E’ la sfida promossa dalla presidente dell’Accademia Livia Pomodoro – un nome di prima grandezza non solo per Mlano, già apprezzatissima presidente del Tribunale – che per il secondo mandato è alla guida dell’istituzione che, con i suoi 4500 studenti, di cui il 26% straniero, rappresenta un punto di riferimento qualitativo internazionale per tutti gli amanti dell’arte e per tutti i difensori de valori dell’alta formazione.

Qualche giorno fa la Pomodoro ha officiato l’inaugurazione del nuovo anno accademico dell’Accademia e ne ha ricordato sia i risultati acquisiti che le sfide all’orizzonte. La nuova sede appena inaugurata allo Scalo Farini “testimonia dello slancio di Brera verso la dimensione metropolitana. E non da solo: Cascina Ovi, a Segrate, rappresenta un ulteriore sviluppo dell’Accademia di Brera nel territorio metropolitano”. “La nuova importante sfida che Brera lancia, lo scorso anno sul mercato del lavoro con la manifestazione ‘I Millennials dell’arte’, quest’anno con la ricerca sull’impatto economico di Brera e il valore del suo brand internazionale, ha però bisogno di poter configurare la nostra attività organizzativa e propulsiva secondo un’autonomia di decisione e indirizzo che sola può aiutarci a sciogliere i nodi di un’organizzazione pensata troppi anni fa – ha proseguito la presidente – Soltanto così potremo portare la nostra Accademia ad un livello di eccellenza coerente con le prospettive che un grande istituto di formazione e di ricerca deve sapersi dare”.

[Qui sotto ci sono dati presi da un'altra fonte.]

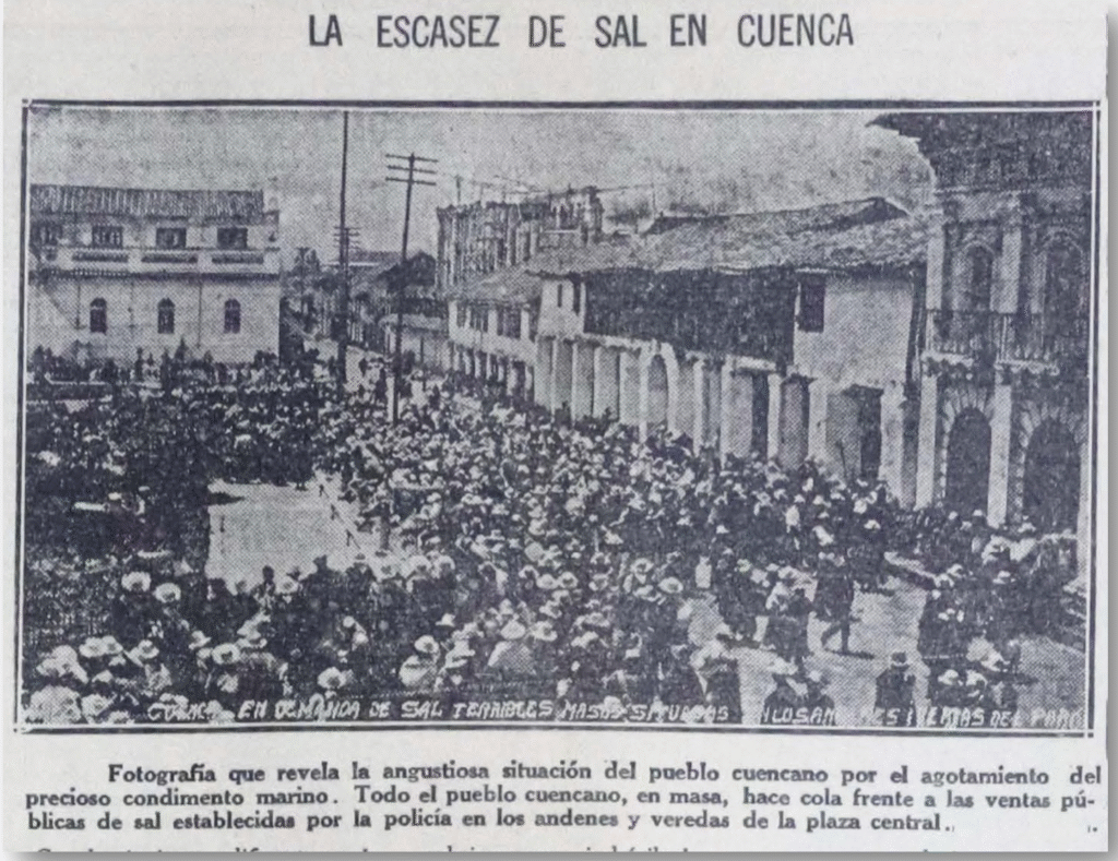 Durante varios días no hay información sobre Cuenca. El daño de la línea telegráfica causó incomunicación entre el corresponsal de Cuenca y el de Guayaquil. El corresponsal indica que, diariamente hay muchedumbres en los “portales de la gobernación” para que la gente acceda a unas boletas que les permita comprar sal en establecimientos. Esta cuestión particular de Cuenca tuvo relación con la situación nacional de la escasez de víveres como el carbón, el arroz, el café, el azúcar (El Telégrafo, 1925, pág. 1); el juzgamiento a los comerciantes que exageran los precios de los víveres y la policía es quien se hace cargo de esta problemática comercial (El Telégrafo, 1925, pág. 8). Se sugiere que el Ejecutivo tome medidas, pero varios ministros han renunciado y el gobierno del presidente Gonzalo Córdova tambalea (El Telégrafo, 1925, pág. 1). Es la antesala de la Revolución Juliana.

La ricerca a cui si riferisce la Pomodoro ha portato a stimare il valore dell’ateneo pubblico fondato nel 1776 in oltre 126,6 milioni di euro con un impatto sull’occupazione che oggi genera 874 posti di lavoro. Una media azienda d’eccellenza, dunque. E la qualità didattica? “Abbiamo impostato un rapporto nuovo con gli studenti, iniziative cogestite, una rilevanza sempre maggiore di questa scuola di formazione e di eccellenza” – ed è anche un fatto materiale: i nuovi spazi dello Scalo Farini che diventerà il ‘Campus degli artisti’ e della Cascina Ovi a Segrate, dove troveranno posto fornaci, manufatti, strumenti per la lavorazione del marmo e per la scultura perché, spiega la presidente Pomodoro, “chi crea ha bisogno di concretezza”.

La ricerca sul valore economico di Brera, condotta con il professor Mario Abis e la Makno sul ruolo dell’Accademia a Milano, ha dunque confermato quale sia la  forza di attrazione del brand, molto sentita anche all’estero. Una ‘calamita’ che attrae ogni anno studenti da 60 diversi Paesi (1.159 stranieri a fronte di 4.657 italiani), prevalentemente Iran, Cina, Sudest asiatico. Con una ricaduta sulla città di 126,6 milioni di euro: tanto è il valore della produzione attivata nel sistema economico (affitti, pasti, shopping…).

Con all’attivo questi numeri, Livia Pomodoro annuncia l’intenzione di dar vita a un bilancio integrato. Il che significa pesare il valore del brand Accademia di Brera, la forza della sua reputazione nel mondo composta – fra gli altri asset immateriali – dal valore per esempio degli artisti usciti da questa scuola, oltre che dal patrimonio artistico.

Per crescere però – afferma con convinzione la presidente – è necessario fare un salto di statuto. Non a caso, ricorda, la Normale di Pisa nacque come semplice scuola, e come tale vincolata da “lacci e lacciuoli vari”, ma quando poi divenne università riuscì a ottenere un’autonomia che la rende tuttora un “fiore all’occhiello della cultura”. Lo stesso obiettivo che si pone l’Accademia di Brera, alla ricerca della “possibilità di lavorare in maniera autonoma con una propria governance, e diventare così la vera Università dell’eccellenza, della bellezza, del sapere e della conoscenza”.